[[ Raw data, beginning ]]

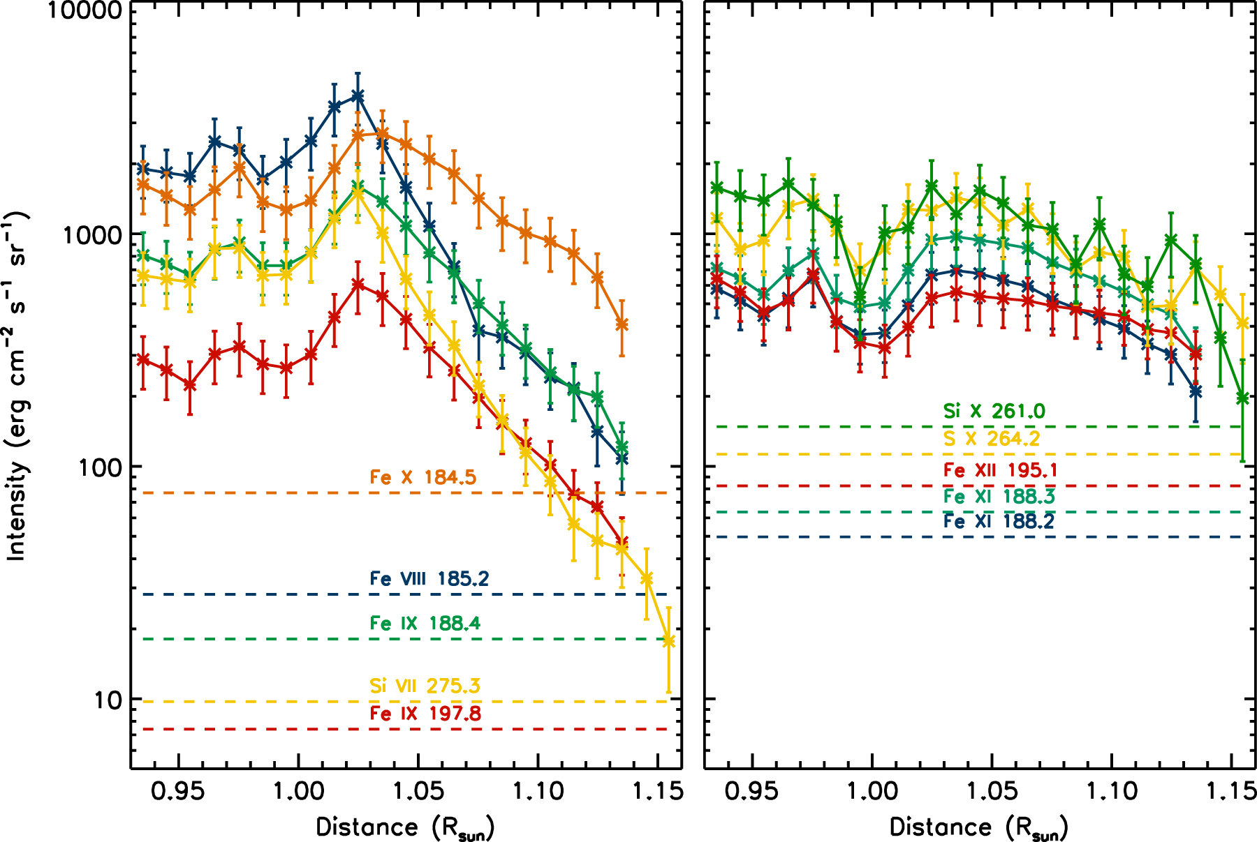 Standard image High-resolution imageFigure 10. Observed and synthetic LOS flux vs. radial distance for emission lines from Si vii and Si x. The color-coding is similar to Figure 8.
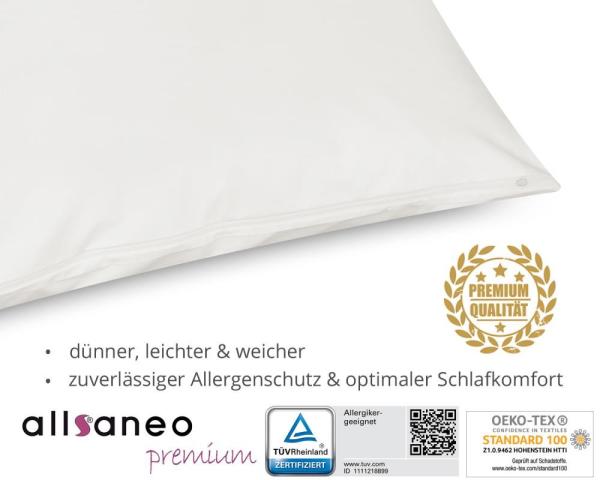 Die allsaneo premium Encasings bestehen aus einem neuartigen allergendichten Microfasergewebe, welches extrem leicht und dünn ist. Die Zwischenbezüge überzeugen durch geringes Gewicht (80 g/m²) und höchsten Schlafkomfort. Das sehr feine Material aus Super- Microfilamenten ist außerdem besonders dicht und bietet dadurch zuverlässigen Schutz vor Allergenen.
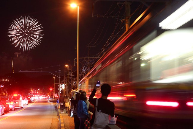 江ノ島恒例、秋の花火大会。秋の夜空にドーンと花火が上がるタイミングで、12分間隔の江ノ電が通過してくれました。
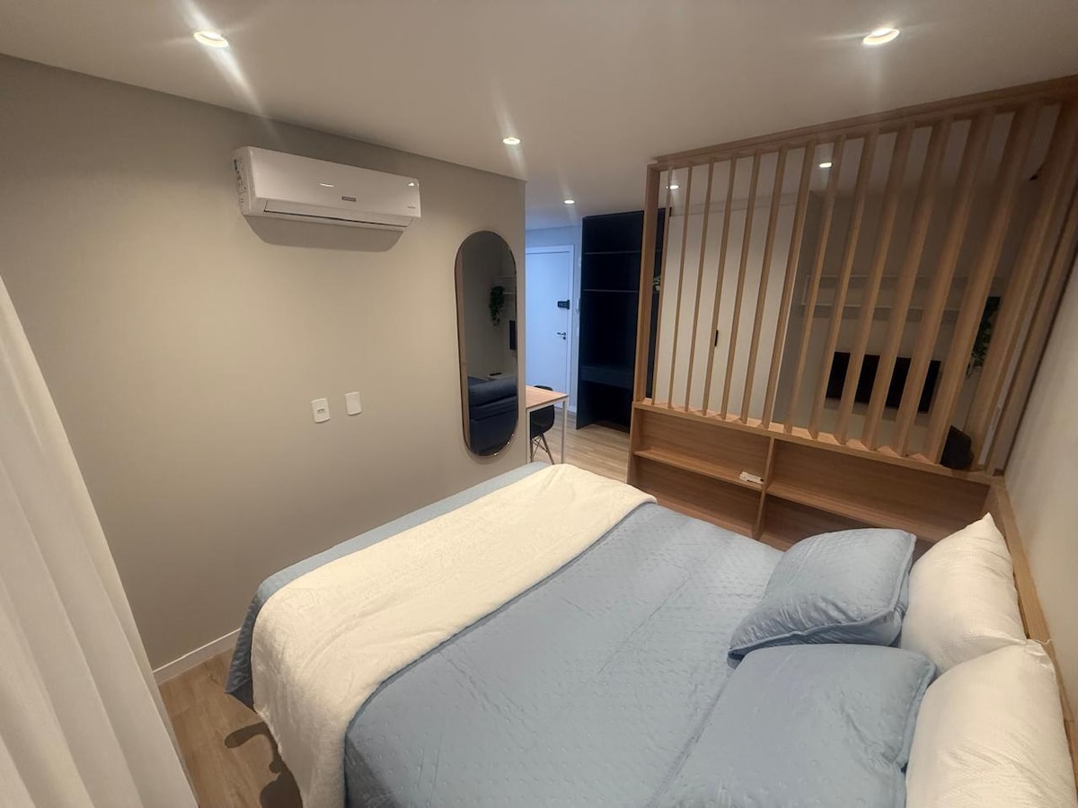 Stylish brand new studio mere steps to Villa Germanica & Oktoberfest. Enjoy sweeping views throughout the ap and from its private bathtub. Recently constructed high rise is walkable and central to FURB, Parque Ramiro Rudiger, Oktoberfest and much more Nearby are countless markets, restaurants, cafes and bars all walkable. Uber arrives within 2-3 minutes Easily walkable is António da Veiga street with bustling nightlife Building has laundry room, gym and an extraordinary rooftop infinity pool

[[ Raw data, end ]]

● **What you will do**: Take the line that contains "Die allsaneo premium" and all lines after it to the end of the material above, and copy them verbatim without any images.

● **Exercise response**:
 Die allsaneo premium Encasings bestehen aus einem neuartigen allergendichten Microfasergewebe, welches extrem leicht und dünn ist. Die Zwischenbezüge überzeugen durch geringes Gewicht (80 g/m²) und höchsten Schlafkomfort. Das sehr feine Material aus Super- Microfilamenten ist außerdem besonders dicht und bietet dadurch zuverlässigen Schutz vor Allergenen.
 江ノ島恒例、秋の花火大会。秋の夜空にドーンと花火が上がるタイミングで、12分間隔の江ノ電が通過してくれました。
 Stylish brand new studio mere steps to Villa Germanica & Oktoberfest. Enjoy sweeping views throughout the ap and from its private bathtub. Recently constructed high rise is walkable and central to FURB, Parque Ramiro Rudiger, Oktoberfest and much more Nearby are countless markets, restaurants, cafes and bars all walkable. Uber arrives within 2-3 minutes Easily walkable is António da Veiga street with bustling nightlife Building has laundry room, gym and an extraordinary rooftop infinity pool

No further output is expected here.